This very English man has all the right stuff to be the next Prime Minister of England. His name is David Cameron. He was elected as the new leader of the opposition Conservative Party yesterday, primarily because he’s every bit as young (at 39), telegenic, impudent and glib as current PM Tony Blair was when he was catapulted to the leadership of the Labour Party at the politically precocious age of 41.
And, if they stick to their let’s emulate Labour’s 1994 to 1997 playbook (1997 being the year Blair upset incumbent PM John Major to win his first election), it’s very likely that the Conservatives will be returned to government – with Cameron moving into the Prime Minister’s residence at No. 10 Downing Street – after the next general elections.
Beyond aping Blair, the Conservatives are bound to derive immeasurable benefit in their campaign to unseat Labour from the ongoing internecine battles between Blair and Deputy PM Gordon Brown (the very impatient Prime Minister-in-waiting) that have beset the Party for years.
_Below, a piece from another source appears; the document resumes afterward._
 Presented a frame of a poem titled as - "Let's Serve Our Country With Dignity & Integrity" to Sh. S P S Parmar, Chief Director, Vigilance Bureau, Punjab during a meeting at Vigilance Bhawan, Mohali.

Because it is an open secret in Britain that, despite Blair’s re-election to an historic 3rd term just months ago, Brown is already conspiring and conniving to push him out of No. 10.
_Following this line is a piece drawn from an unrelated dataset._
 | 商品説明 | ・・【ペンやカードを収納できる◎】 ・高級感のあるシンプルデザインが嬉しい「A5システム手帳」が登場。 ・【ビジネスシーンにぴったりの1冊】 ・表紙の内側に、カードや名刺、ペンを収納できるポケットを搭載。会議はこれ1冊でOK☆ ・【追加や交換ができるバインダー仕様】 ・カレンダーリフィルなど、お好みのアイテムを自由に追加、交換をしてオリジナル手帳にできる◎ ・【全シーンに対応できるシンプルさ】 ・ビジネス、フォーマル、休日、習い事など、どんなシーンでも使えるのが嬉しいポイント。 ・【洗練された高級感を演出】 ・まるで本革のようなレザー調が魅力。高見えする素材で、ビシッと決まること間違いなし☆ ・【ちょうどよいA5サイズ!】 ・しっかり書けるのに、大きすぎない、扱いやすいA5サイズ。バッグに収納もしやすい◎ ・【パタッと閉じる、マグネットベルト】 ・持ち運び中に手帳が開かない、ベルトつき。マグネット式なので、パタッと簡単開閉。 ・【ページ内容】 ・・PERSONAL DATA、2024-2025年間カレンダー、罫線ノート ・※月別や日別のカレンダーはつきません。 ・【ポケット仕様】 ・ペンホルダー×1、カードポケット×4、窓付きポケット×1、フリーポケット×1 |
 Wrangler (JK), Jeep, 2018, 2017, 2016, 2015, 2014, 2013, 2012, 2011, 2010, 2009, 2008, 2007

Allegedly, it was (and perhaps remains) the nature of their arrogant ambition that Blair and Brown struck a deal in the early 1990s in which Blair promised to serve only 2 terms as prime minister, and then resign so that Brown could assume leadership of the Labour Party and, in due course, the premiership. But, evidently, Blair became so intoxicated with the power of his position that he reneged on the deal and decided to run for that historic 3rd term; and, thereby, turned his most trusted (and capable) political ally into an almost mortal enemy.
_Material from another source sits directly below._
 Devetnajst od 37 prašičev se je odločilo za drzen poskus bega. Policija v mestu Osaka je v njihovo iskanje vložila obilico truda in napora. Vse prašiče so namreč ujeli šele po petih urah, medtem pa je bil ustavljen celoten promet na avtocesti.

In fact, given the undermining tactics these two perpetrated against each other in the run-up to this year’s elections, it’s a wonder they won. But, just as internecine squabbles doomed Al Gore’s ambition to succeed the inimitable Bill Clinton as U.S. president in 2000, it seems fated that similar squabbles will doom Brown’s ambition to succeed Tony Blair as British prime minister.
Note: It behooves Brown to appreciate that Gore would have been elected president in 2000 if he’d won a majority of votes in Clinton’s home state of Arkansas. But he was so filled with hatred towards Clinton – at the end of Clinton’s 2nd term – that Gore allowed personal emotion to spite his political ambition when he rebuffed Clinton’s offer to rally support for him in that state.
Stay tuned…
News and Politics
Anonymous says
i could not resist another side note on al gore. if the former senator had simply won his own state (even michael dukakis managed this task), then he would have been no. 41…..
Anonymous says
the other side of this coin between clinton-gore and blair-brown is that blair might secretly wish to see brown fail out of spite. I wonder if clinton hasn’t gloated over gore’s failure especially since even his wife hillary will probably benefit from his political genius to become president.
anthony mayer says
Correction: This will still be the prime minister of BRITAIN, OR THE UK, not ‘England’. For those prejudiced yanks (myself being an independently minded Frenchie), England is only a region country and it never was a country by itself. As for the democratic principle of self-determination, less than 20 percent of Scottish people want to secede from the UK, and far less in Wales or other parts of the British Isles. The proportion of Sicilians, or Lombardy Italians, or Basque country ‘Spaniards” who would like to split from the rest of the nation ranks quite higher than that. Yet, Americans still relate to these places as 100% Spanish or Italians (ditto for Corsica or Brittany, Alsasce in France).